By Kirsten Korosec
April 25, 2017

Waymo, the Google (googl) project that spun out to become a business under Alphabet, is inviting hundreds of people to test its self-driving Fiat Chrysler Pacifica Hybrid minivans in a trial that will give users broad access to its fleet any day, at any time.

The company made the announcement on Tuesday, also disclosing that it will add another 500 self-driving minivans to its fleet—a sixfold increase as it prepares to ramp up its operations and move into more communities.

“The collaboration between FCA and Waymo has been advantageous for both companies as we continue to work together to fully understand the steps needed to bring self-driving vehicles to market,” Fiat Chrysler Automobiles CEO Sergio Marchionne said in a statement.

Fiat Chrysler will ramp up production of the minivans in May. Once Waymo takes delivery of the vehicles, the company will outfit the minivans with its self-driving technology.

Neither company said when these 500 new vehicles would be on the road. The vans will be spread throughout communities where Waymo is currently testing on public roads, including Austin, Texas, Kirkland, Wash., Mountain View, Calif., and Phoenix, Ariz.

Waymo’s early rider program will be open to applicants from those living in towns within the greater Phoenix area, including Chandler, Gilbert, Mesa, and Tempe.

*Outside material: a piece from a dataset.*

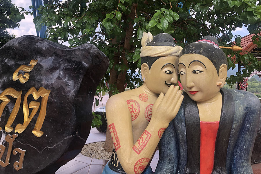There’s a couple I spot wherever I go in the northern Thailand province of Nan. He is bare chested with intricately tattooed legs; she is demurely dressed but smiles as he cups his hand and whispers in her ear. They pop up on tote bags and T-shirts and as fibreglass sculptures...
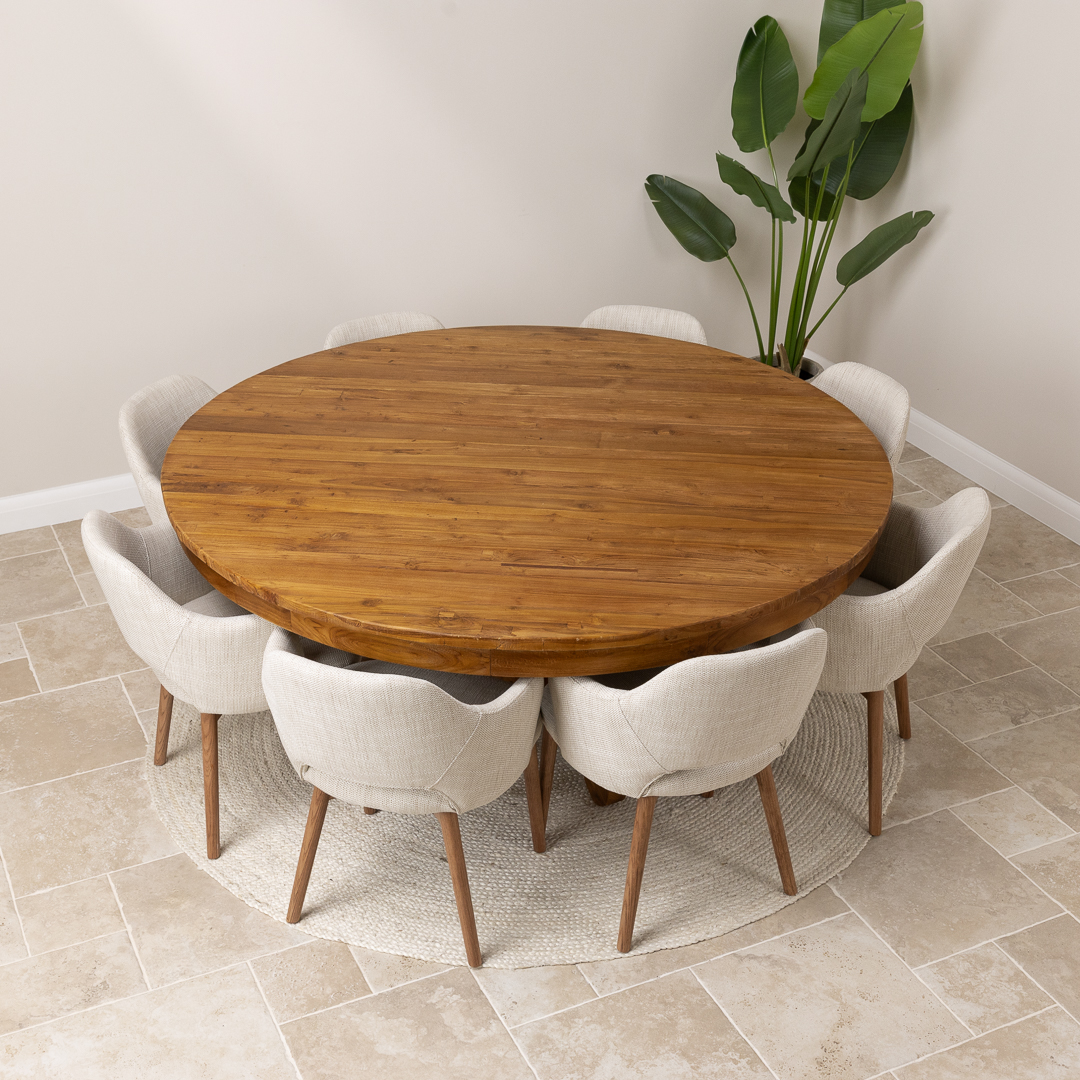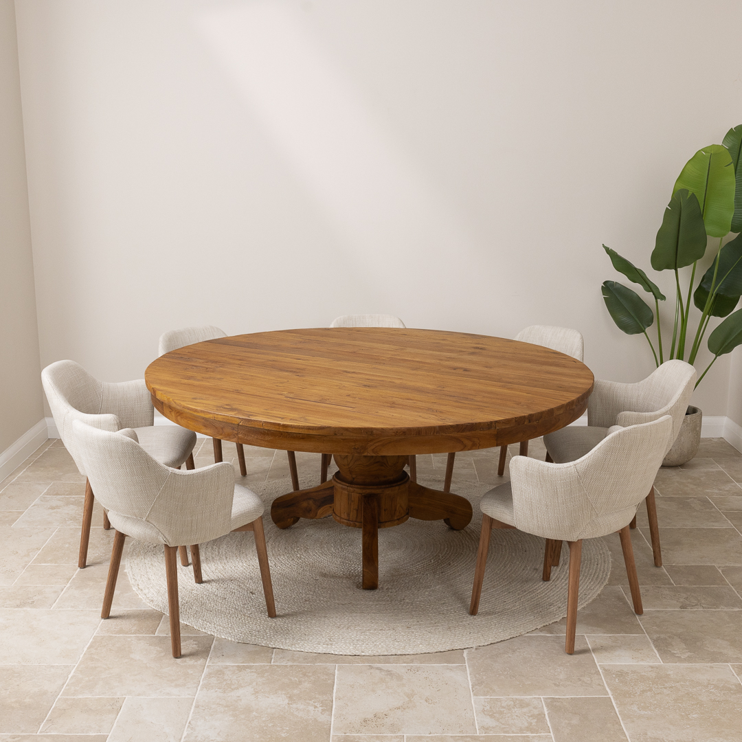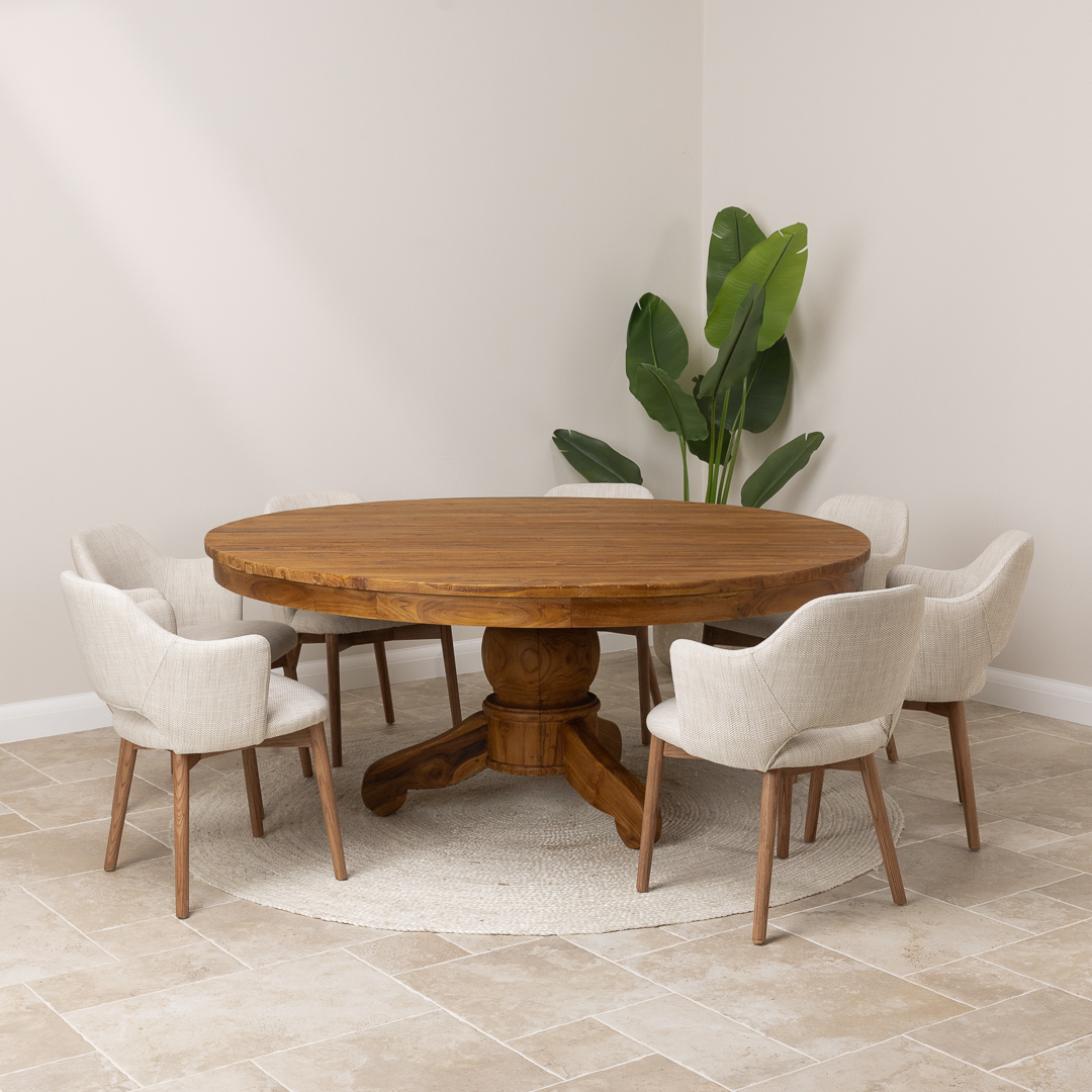 180cm Circular Rustic Reclaimed Teak Pedestal Indoor Dining Table with 8 Upholstered Cove ChairsIn stock

A handful of families have already been using Waymo’s self-driving cars for the past two months. This larger-scale public trial will be open to “hundreds of people with diverse backgrounds and transportation needs who want to ride in and give feedback about Waymo’s self-driving cars,” CEO John Krafcik wrote in a blog posted Tuesday on Medium.

“Rather than offering people one or two rides, the goal of this program is to give participants access to our fleet every day, at any time, to go anywhere within an area that’s about twice the size of San Francisco,” Krafcik wrote.

The company also released the following video, highlighting a Phoenix couple with four kids who have reportedly been using the vehicles for the past month.

“It gives me a lot of freedom, because I get to go where I want to go, instead of having to ask to get driven around everywhere,” a participant says in the promotional video.

 

To be clear, there will be a Waymo test driver in every self-driving minivan. The test driver can take control of the vehicle if needed, though the aim is for the entire ride to be autonomous. Those accepted into the early rider program will use an app developed by Waymo to order a self-driving vehicle.

Waymo says it will use the intel it gathers during this trial to test how people use the autonomous vehicles in their daily lives. The company wants to learn how everyday folks most effectively communicate with the vehicle, and what the experience is like as a passenger, rather than a driver.

“Everything we learn in this program will apply to all kinds of self-driving products and services, from personal cars to public transportation to ride-hailing, carsharing, logistics and more,” Krafcik wrote.